Eric B. and Rakim -- "Eric B. Is President" (1986)

I came in the door, I said it before
I never let the mike magnetize me no more
But it's biting me, fighting me, inviting me to rhyme
I can't hold it back, I'm looking for the line,
Taking off my coat, clearing my throat
My rhyme will be kicking it until I hit my last note

After our brief detour to Los Angeles to learn about early-day gangsta rap, we're returning to New York City for the next few "Hip-Hop 101" posts.
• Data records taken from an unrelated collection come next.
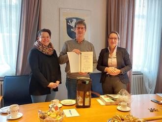 Auf dem Bild v.l.n.r., Personalrätin Elena Kowarsch, Jubilar Jürgen Loos, Bürgermeisterin Anja Vogt
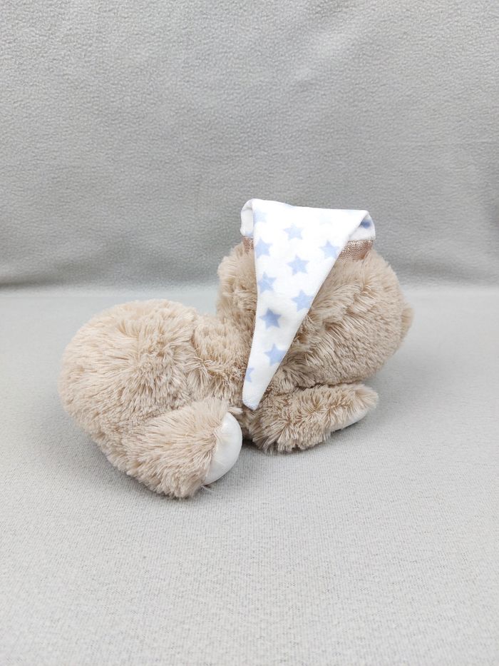 Peluche doudou ours dormeur beige blanc bonnet étoiles bleues 20 cm Interbaby
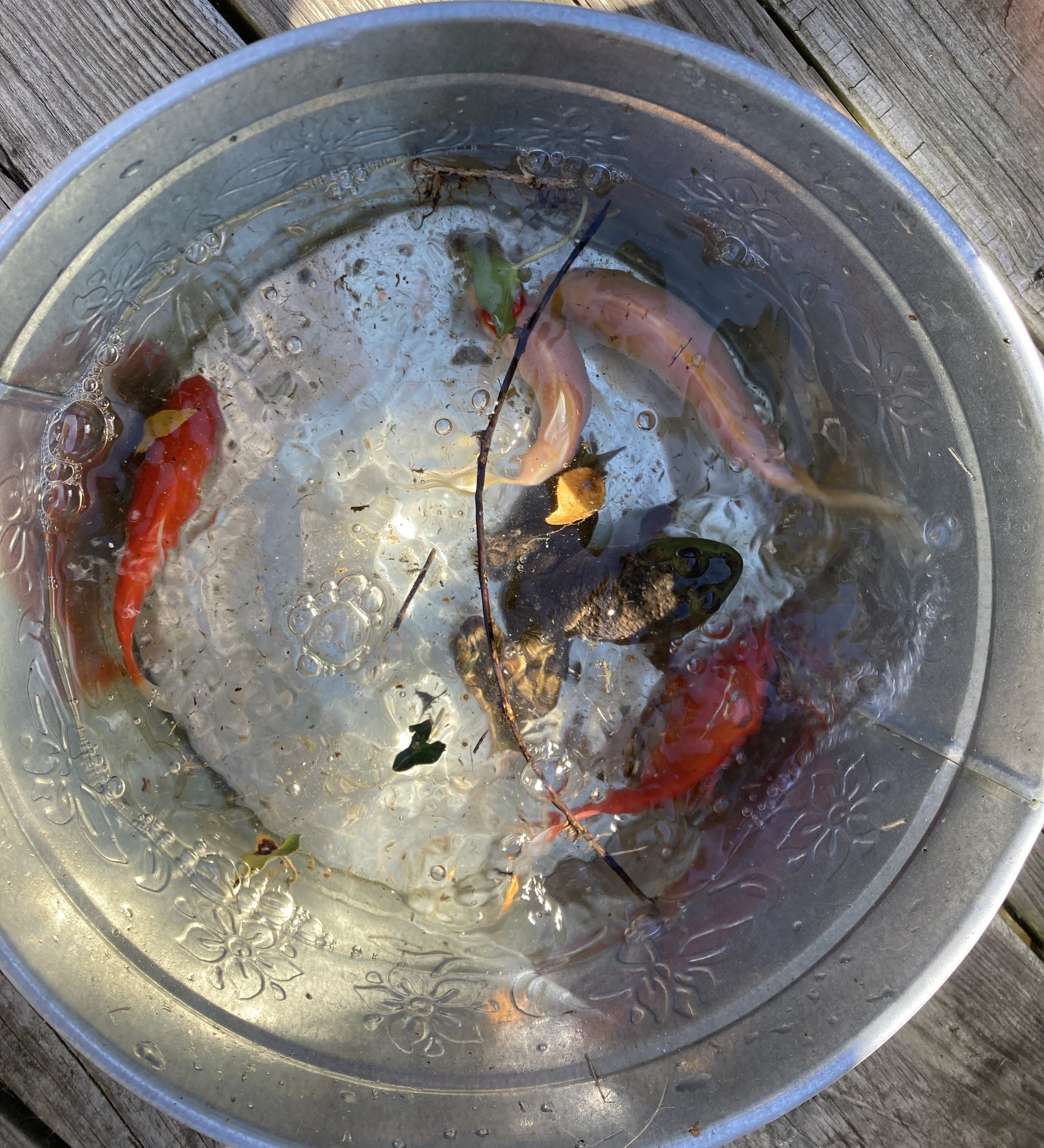But then the bottom dropped out of the temperatures and summer abruptly ended. I had to fish the fish and the frog out of our pond that freezes solid in winter and find a new home for them.
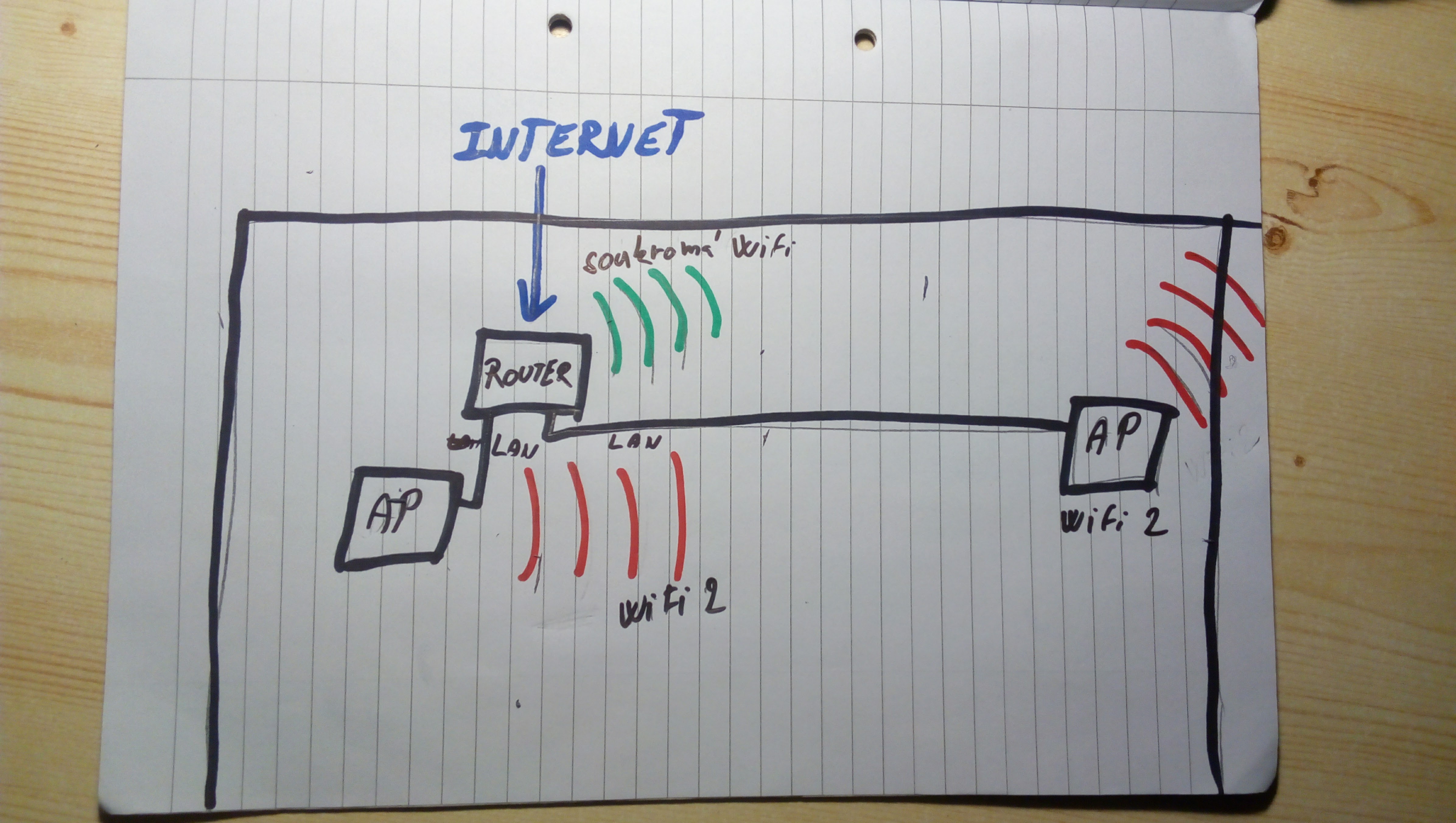 potřeboval bych poradit s nastavovanim Wifi sitě. Mám v jedné mistnosti Wifi router s přívodem internetu a wifi mám základně nastavenou a potřebuji vyvést z tohoto routeru LAN kabel do Access Pointu (AP) který bude mit jiny nazev SSID a nebude mit s wifi routru nic spolecneho a kvuli nedostatku signalu mam druhy AP do ktereho vede LAN kabel a nevím jak je spravne nastavit abych zde nemel 3 WIFI signaly s rozdilnymi SSID. Chci zde mit pouze dva nazvy SSID. snad pochopite z obrazku :D

Eric B. and Rakim formed one of the great DJ/MC duos of old-school rap's so-called "Golden Age," which lasted from 1986 to 1992 (when gangsta rap became the dominant style).

Eric B. (Eric Barrier) was an up-and-coming 20-year-old DJ living on Long Island when he met 17-year-old MC William Michael Griffin, Jr., also a Long Island resident.  

Clarence 13X
Griffin had taken the name Rakim when he converted to The Nation of Gods and Earth, an offshoot of the Nation of Islam that was founded in Harlem in 1964 by Clarence Smith, who called himself Clarence 13X.
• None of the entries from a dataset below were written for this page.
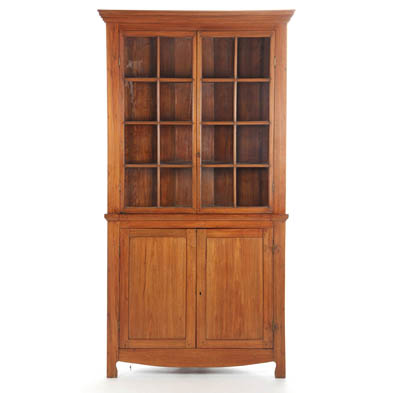 Early 19th century, Piedmont region, walnut, yellow pine secondary wood, one piece form, having a stepped molded cornice above two doors with (16) lights, high molded waist, two paneled lower doors, shaped straight foot with rear cut-out to accommodate shoe molding.
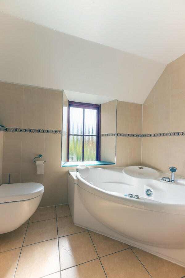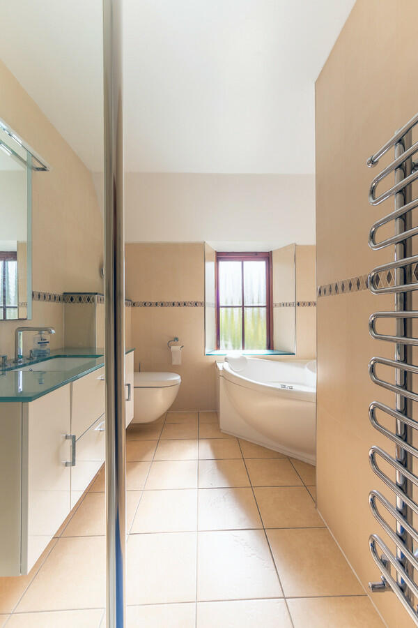The first floor is has with a striking family bathroom featuring a jacuzzi bath, tiled walls and floor, and underfloor heating.
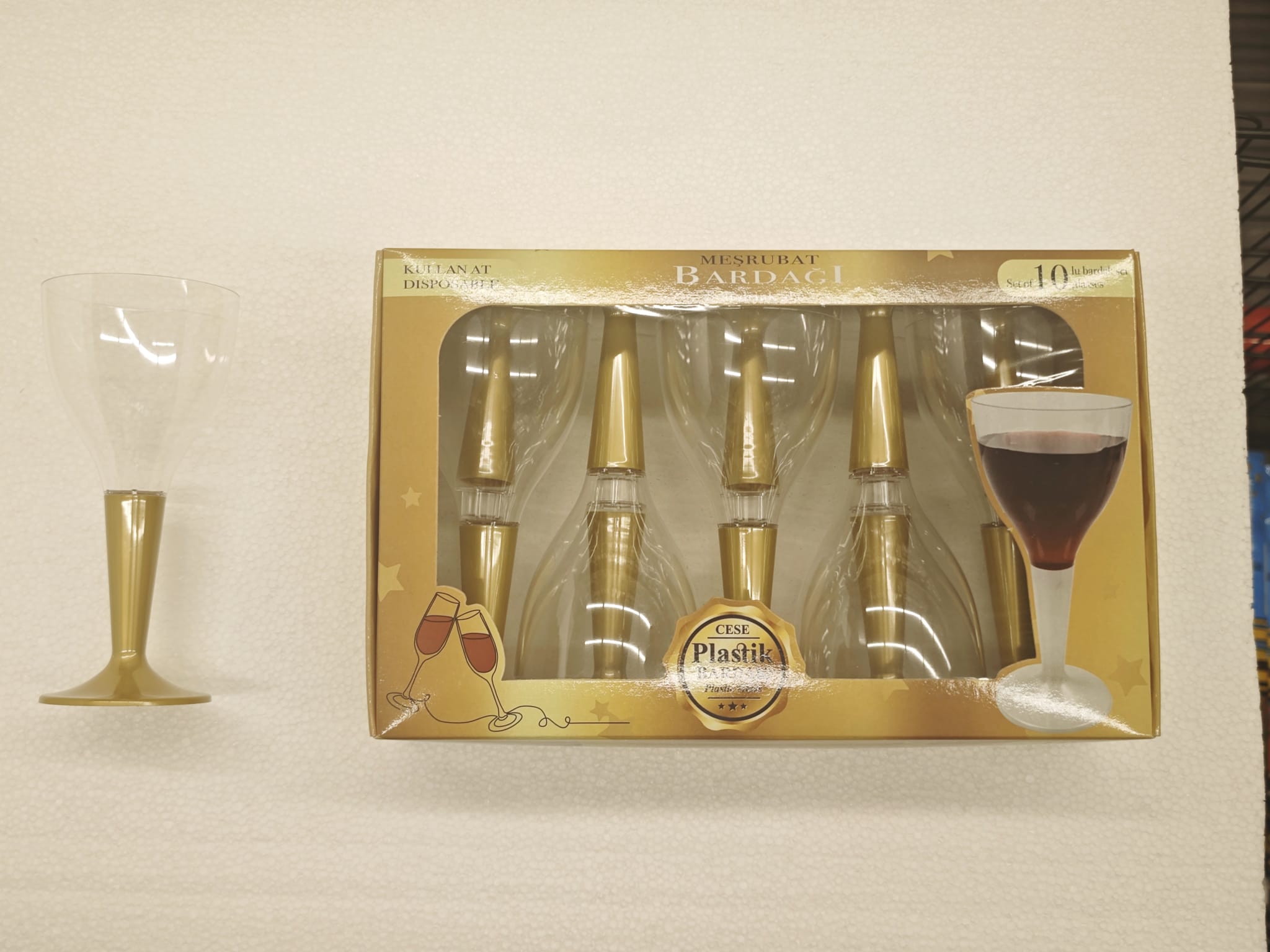 Paket İçinde 10 adet Altın Plastik Şarap Kadehi vardır. Paket Fiyatıdır.
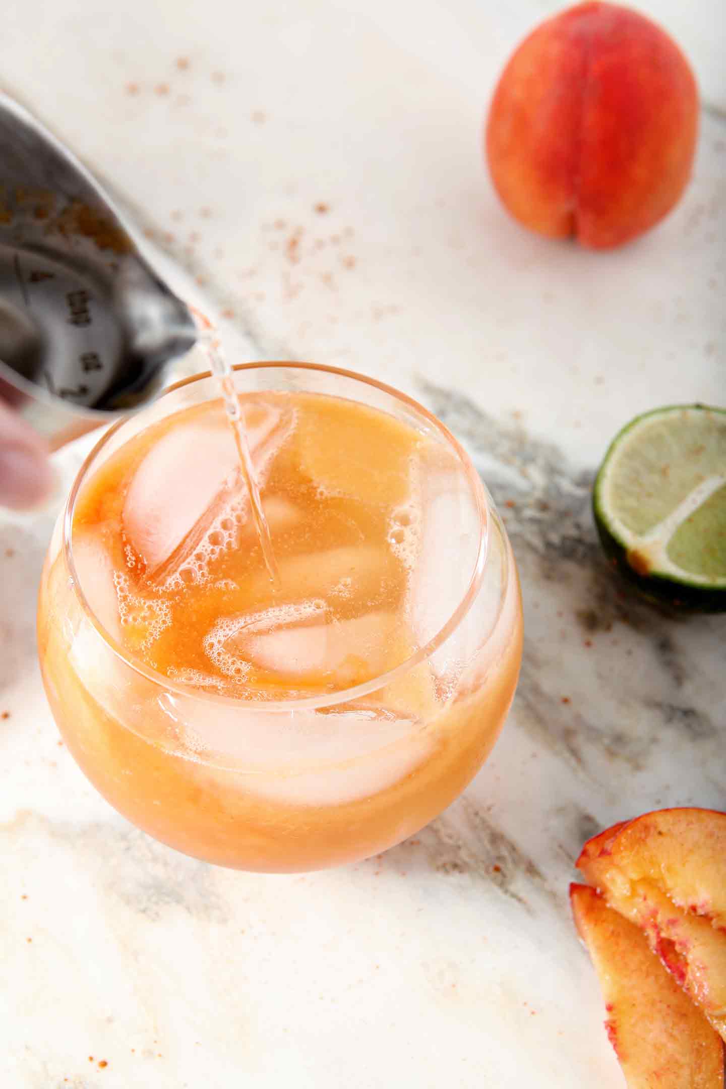 Puree the peach in a blender (or using an immersion blender). I like to blend the peach instead of muddling it with a muddler in my glass.
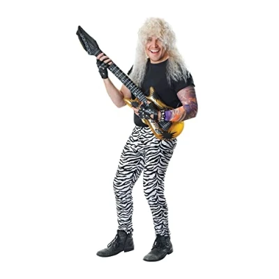 Zebra Print Trousers. Men's One size fits most Outfit Includes Trousers The Perfect Rock Accessory Wig, Gloves, Tattoo Sleeve, Wristband, Inflatable Guitar and Shoes Not Included Ideal Dress Up for Themed Parties, Halloween and World Book Day, Manufacturer: Bristol Novelty

Followers of Clarence 13X are often called "Five Percenters."  That's because The Nation of Gods and Earth teaches that 85% of humanity is mentally dead, 10% know the truth but oppress the 85% by convincing them to believe in a "mystery God" who cannot be seen in this lifetime, while the remaining 5% constitute the "poor righteous teachers" who possess the truth.
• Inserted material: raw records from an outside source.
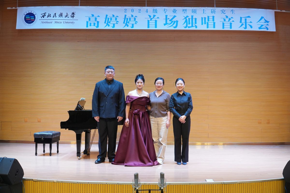 2025年11月10日14:00,2024级专业型硕士研究生高婷婷成功举办首场独唱音乐会。 整场音乐会进行了约一个小时,共演唱了十二首作品,分别是:《瓦卡伊意大利语歌唱实用练声曲》《紫罗兰》《我心里不再感到青春火焰燃烧》《让玫瑰带去幸运》《爱的小径》《年轻姑娘应该懂得》《踏雪寻梅》《玫瑰三愿》《枫叶飘落的声音》《梨花又开放》《欣喜的等待》《红玫瑰》。 音乐会艺术指导由王艳丽老师担任,主持人宋沛洋。参加本场音乐会的评委老师有黄锦、李晓玲、韩华。
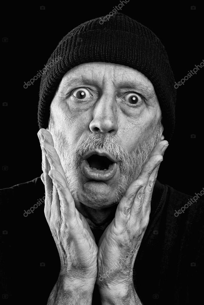 Hombre maduro asustado sobre fondo negro Fotografía de stock - Alamy
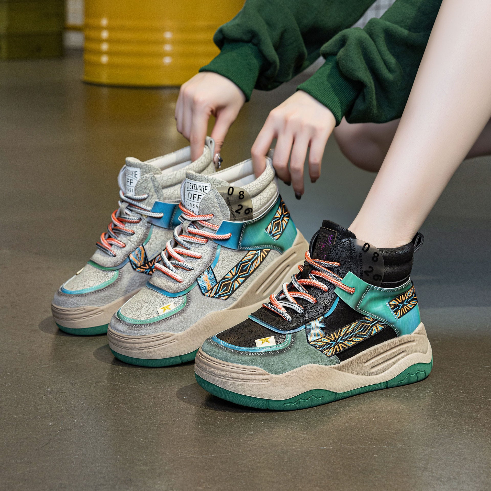 Women's First Layer Cowhide Retro Style Platform White Women's Shoes
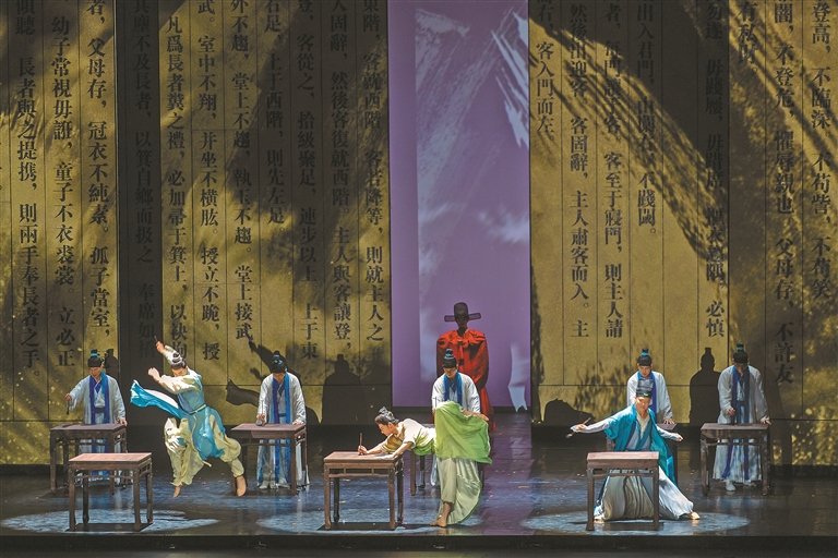 图为中国舞蹈演员在希腊雅典圣诞剧场出演舞剧《天工开物》(11月28日摄)。
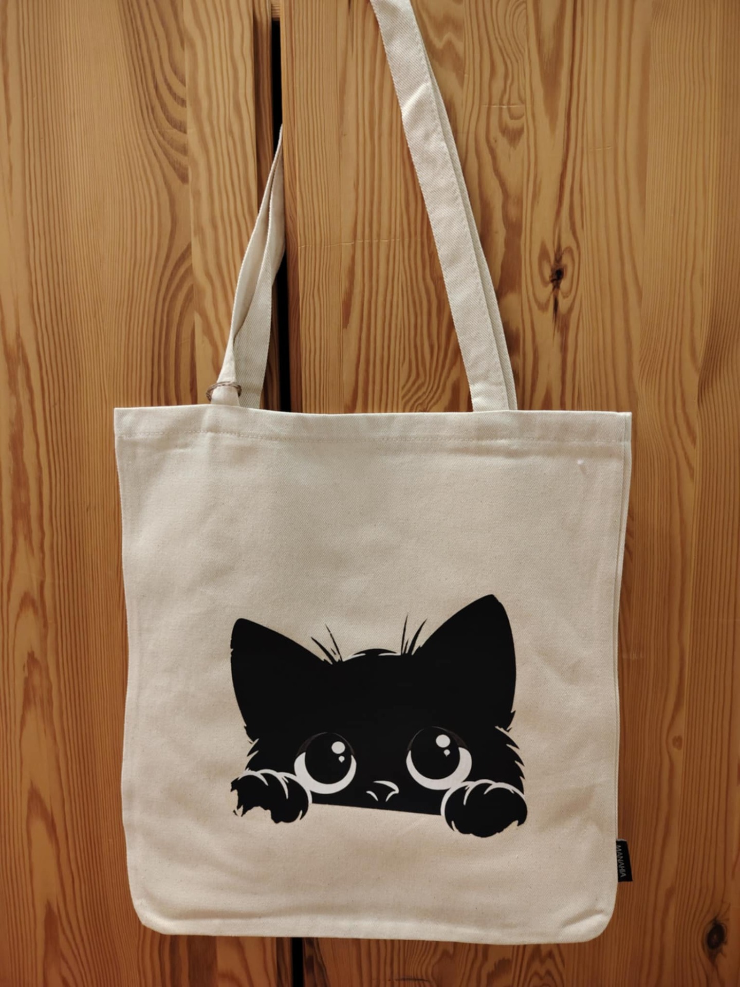 Pevné,hrubší plátno, rozměr 38x41cm, ucho 64cm. Prát otočené obrázkem dovnitř, lze přežehlit z rubu v části obrázku.

(I don't about all this, but it's hard to argue with their theory that 85% of humanity is mentally dead and 10% are liars.)

A number of other hip-hop artists -- including Big Daddy Kane, Common, Brand Nubian, and Busta Rhymes -- are Five Percenters.  Click here to read more about The Nation of Gods and Earth.

The Paid In Full album cover
Eric B. and Rakim's debut album, Paid in Full -- which was ranked as the greatest hip-hop album of all time by MTV -- was released in July 1987, but "Eric B. Is President" came out as a single in 1986.  It's a hip-hop track about hip-hop -- Rakim's subject is MC'ing, not drugs, or guns, or sex, or expensive cars. 

Rakim took MC'ing to a whole new place.  Early-day rap lyrics were simple and sing-songy, heavy on end rhymes.  Rakim's style was jazz-influenced -- his rhythms were less predictable than the "flat-footed" rhythms used by older rappers, and his more complex raps were characterized by internal rhymes as much as by end rhymes.  (In the lines quoted above, "biting me, fighting me, inviting me" is an example of internal rhyming -- three rhymes within one line.) 

And Rakim's quiet, low-key delivery was the polar opposite of the high-energy, scream-into-the-microphone vocal technique that most rappers of the day utilized. 

James Brown
Eric B. was equally innovative as a DJ.  He was a master of live turntable mixing and scratching, and was the first DJ -- but far from the last -- to use James Brown samples.  (In fact, the "Godfather of Soul" sued to prevent the use of a sample of his music on this cut.)

"Eric B. Is President" also samples the bass line from Fonda Rae's 1982 disco hit, "Over Like a Fat Rat."  When Eric B. told Rakim that he planned to use that bass line, Rakim laughed so hard that he spit beer all over the wall.  "Just like you laughing now, you going to be laughing all the way to the bank and be a millionaire one day because of this record." Eric B. told him.  And he was right.